1 2 3 4 5 6 7 8 9 10 11 12 13 |
from muk3d.ooze import create_linear_tailings
tailings_properties = create_linear_tailings(0.01, 0.03)
cmd = get_command('Single stream no pond, as drawn')
result = cmd({ 'base': u'grid+dam.mgrid',
'deposition model': 'Single stream no pond, as drawn',
'dischargePoints': u'disch_1.mcurve',
'maxPondIterations': 1,
'pond_location': None,
'user tailings': tailings_properties
#'tailings': tailings_stream,
})
|
In line #1 create_linear_tailings is imported. Tailings properties are constructed in line 3. The function takes 2 mandatory arguments - the first is the slope above water (% as a decimal fraction - in this example 0.01 is a 1% beach slope) and the second is the slope below water.

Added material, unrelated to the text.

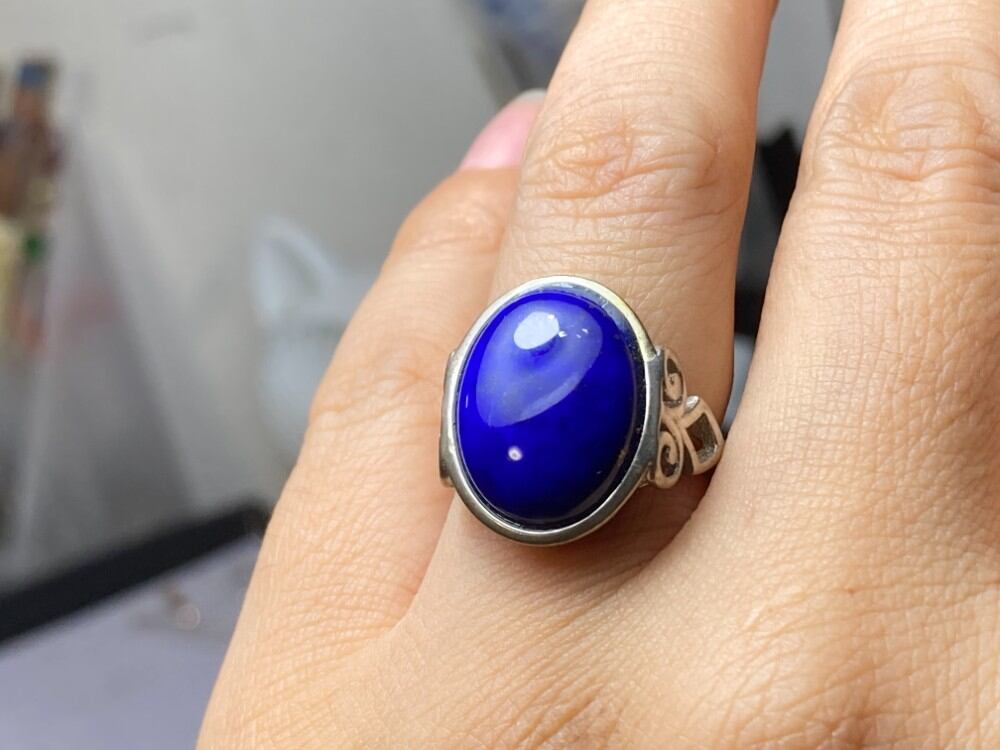 QJ2-10 シルバー 大粒 ラピスラズリ 青金石 リング 指輪 金属アレルギー対応

In line 11 a new entry is added to the dictionary passed to the deposition function, with the key equal to 'user tailings' and the value the variable tailings_properties.
In line 12 the tailings key/value pair is commented out.
Now, when the command is run it will use the user defined tailings slope.
Sensitivity
To run a range of combinations or beach above and below water slopes, the deposition function could be embedded within 2 for loops.
1 2 3 4 5 6 7 8 9 10 11 12 13 14 15 16 17 18 19 |
from muk3d.ooze import create_linear_tailings
from muk3d.util import frange
for baw in frange(0.01, 0.05, 0.01):
for bbw in frange(0.02, 0.06, 0.01):
tailings_properties = create_linear_tailings(baw, bbw)
cmd = get_command('Single stream no pond, as drawn')
result = cmd({ 'base': u'grid+dam.mgrid',
'deposition model': 'Single stream no pond, as drawn',
'dischargePoints': u'disch_1.mcurve',
'maxPondIterations': 1,
'pond_location': None,
'user tailings': tailings_properties
#'tailings': tailings_stream,
})
# process the deposition result from each stream
# ...
|
In Python, when you want to loop through a numeric sequence, you'd use the range function to generate that sequence. The problem with range is that it only works for integers. In the Muk3D Python API there is a function called frange (muk3d.util.frange) which works like range, except it works with decimals. In this case, in Line 4, the frange will go from 0.01 to 0.05 (inclusive) in steps of 0.01.
Similarly, in line 5 the bbw variable is set to values between 0.02 and 0.06 in steps of 0.01.
Once this runs it will get the first baw slope (0.01) and then do all the bbw slopes. Then it'll move to the next baw slope (0.02) and do all bbw slopes again.